Ecco perché in occasione della Giornata della malattia di Parkinson, che si celebra domani, sabato 29 novembre, la Società Italiana di Neurologia (SIN) ribadisce il ruolo fondamentale della diagnosi precoce per un intervento terapeutico tempestivo e mirato finalizzato a rallentare il decorso della malattia.

“Nella malattia di Parkinson la diagnosi precoce è di fondamentale importanza per poter attuare una strategia terapeutica capace di modificare la storia naturale della malattia - dichiara il Prof. Aldo Quattrone, Presidente della SIN e Rettore dell’Università Magna Graecia di Catanzaro – Iniziare il trattamento sintomatico o neuro-protettivo in una fase precoce di malattia o meglio ancora nella fase pre-motoria potrebbe rappresentare la strategia terapeutica del futuro mirata a controllare bene i sintomi e evitare gli effetti indesiderati a lungo termine della terapia farmacologica. In queste fasi, infatti, i farmaci dopaminergici o i farmaci neuroprotettivi potrebbero davvero modificare o perfino arrestare il decorso della malattia.”

Per diagnosticare la malattia di Parkinson nella fase pre-motoria bisogna prestare attenzione a sintomi non specifici, la cui presenza aiuta ad identificare i soggetti a rischio di sviluppare la malattia.

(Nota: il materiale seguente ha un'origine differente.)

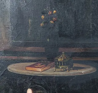 Cuadro antiguo paisaje floral
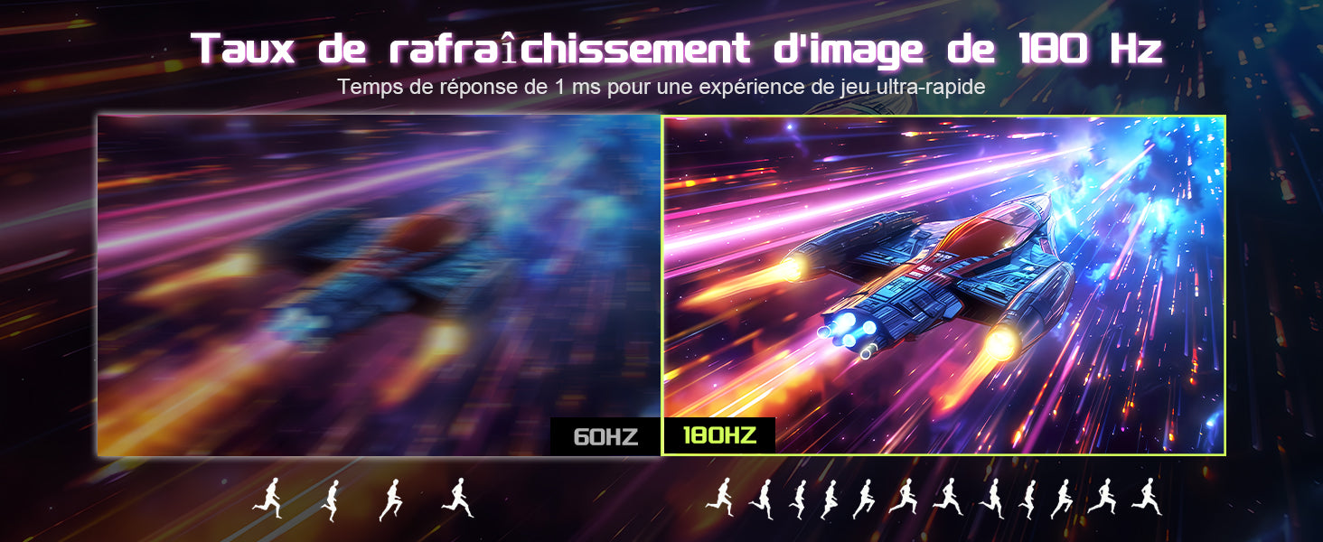 180 Hz + 1 ms MPRT + AMD FreeSync Premium : Performances e-sport professionnelles avec un taux de rafraîchissement de 180 Hz et un temps de réponse de 1 ms. AMD FreeSync Premium élimine les saccades et les déchirures d'image pour une expérience de jeu compétitive dans CS:GO, Valorant et Fortnite.
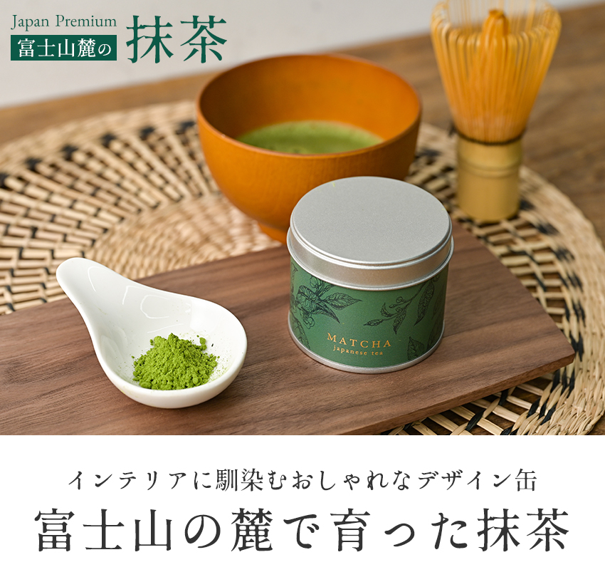 現代のインテリアに馴染む素敵な缶に入った、富士山の麓、静岡県で栽培された抹茶です。
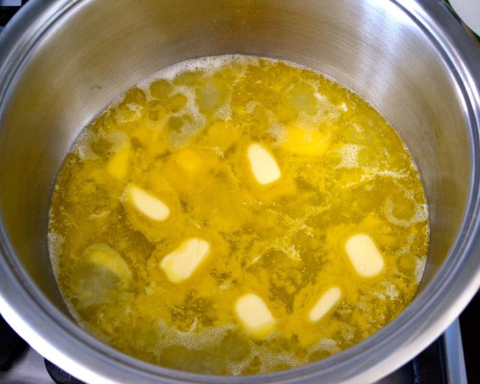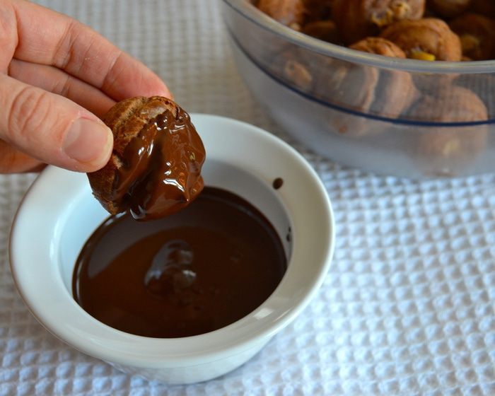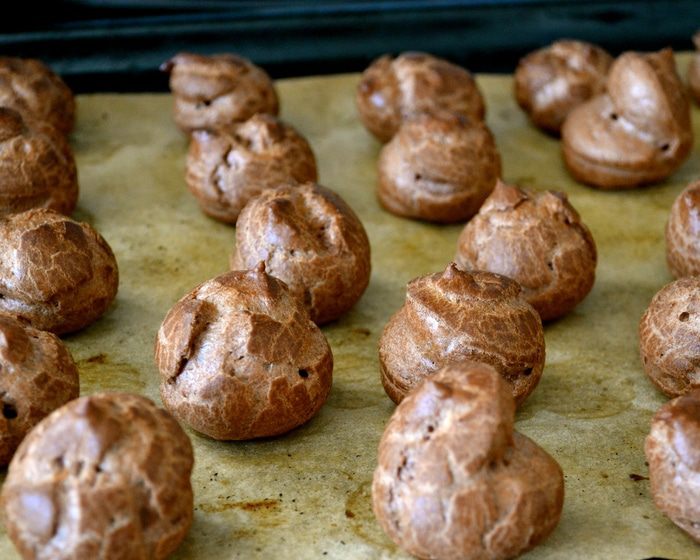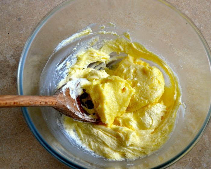 Тем временем займемся приготовлением крема мусслин. Фактически, это итальянский заварной крем (на желтках!), который смешивается с размягченным сливочным маслом. В нашем случае еще добавляется шоколад, т.к. профитроли мы будет наполнять шоколадным мусслином!
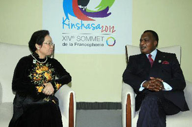 在刚果工作期间,10月12日,国家副主席阮氏缘会见了法语国家国际组织(OIF)秘书长迪乌夫(Abdou Diouf)。
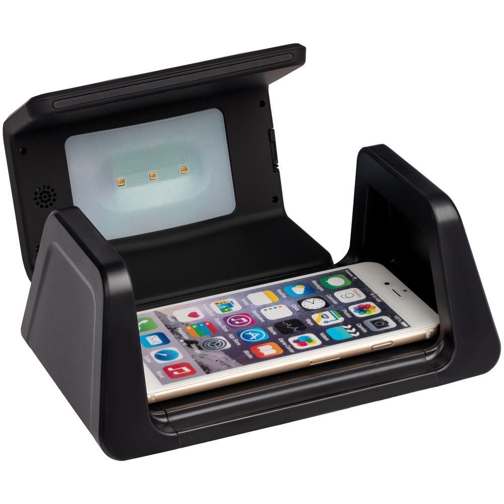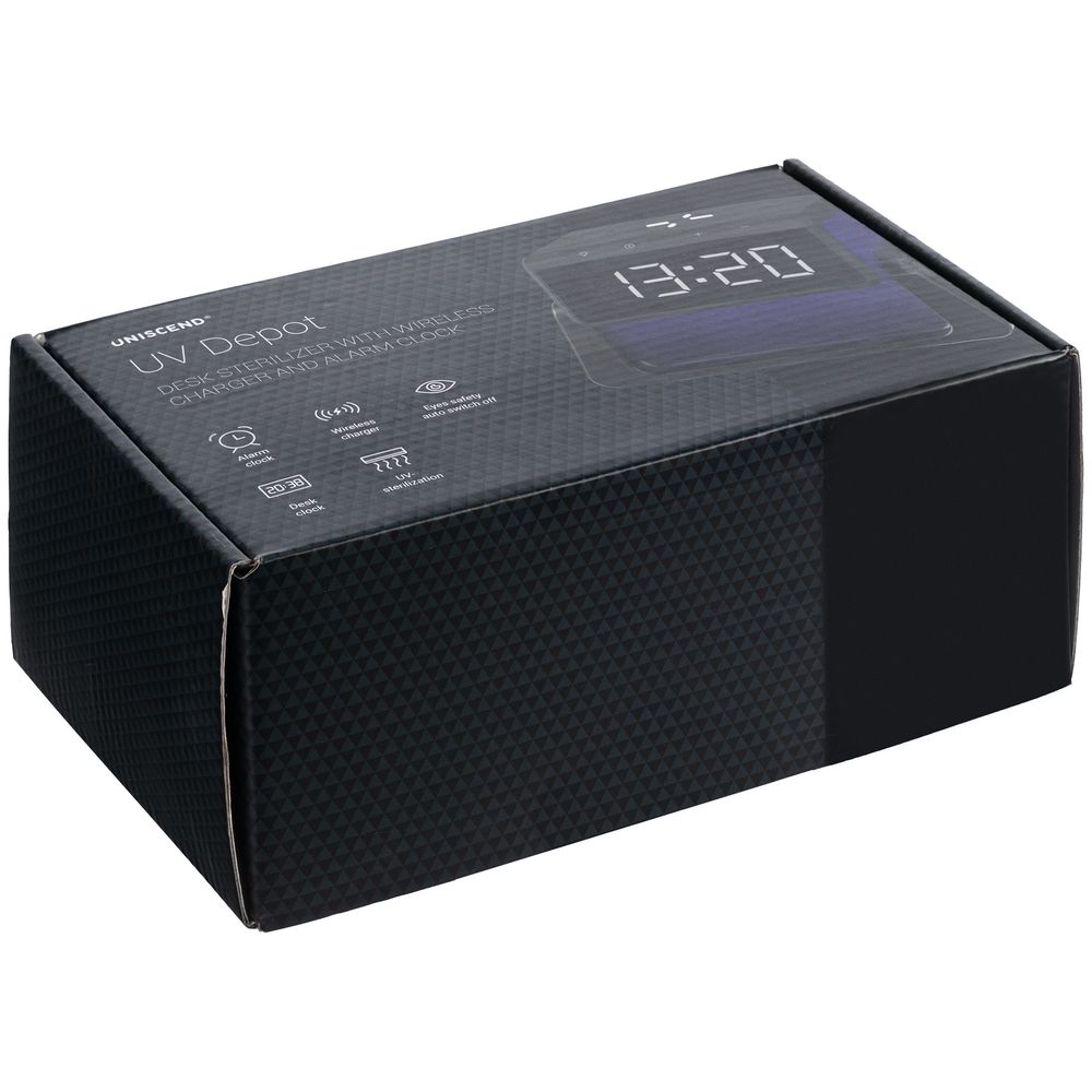 Настольный стерилизатор с беспроводной зарядкой и часами UV Depot, черный

I sintomi pre-motori più importanti sono il deficit olfattivo (ipo o anosmia), la depressione, dolori nelle grandi articolazioni, l’ipotensione ortostatica e, soprattutto, il disturbo comportamentale in sonno REM (Rapid eye movement Behavioural Disorder, RBD), caratterizzato da comportamenti anche violenti durante il sonno, quali urlare, scalciare, tirare pugni. RBD al momento rappresenta il marcatore predittivo più importante della malattia di Parkinson: circa il 60% dei pazienti con disturbo comportamentale in sonno REM, infatti, sviluppa la malattia di Parkinson entro 10-12 anni.

La malattia di Parkinson è un disturbo neurodegenerativo che colpisce oggi 5 milioni di persone nel mondo, di cui oltre 220.000 solo in Italia, e che si manifesta in media intorno ai 60 anni di età. La ricerca nel nostro Paese, già molto attiva su questo fronte, si sta concentrando sempre di più sulla fase pre-motoria della malattia, i cui sintomi caratteristici possono manifestarsi anche molti anni prima della comparsa dei sintomi motori.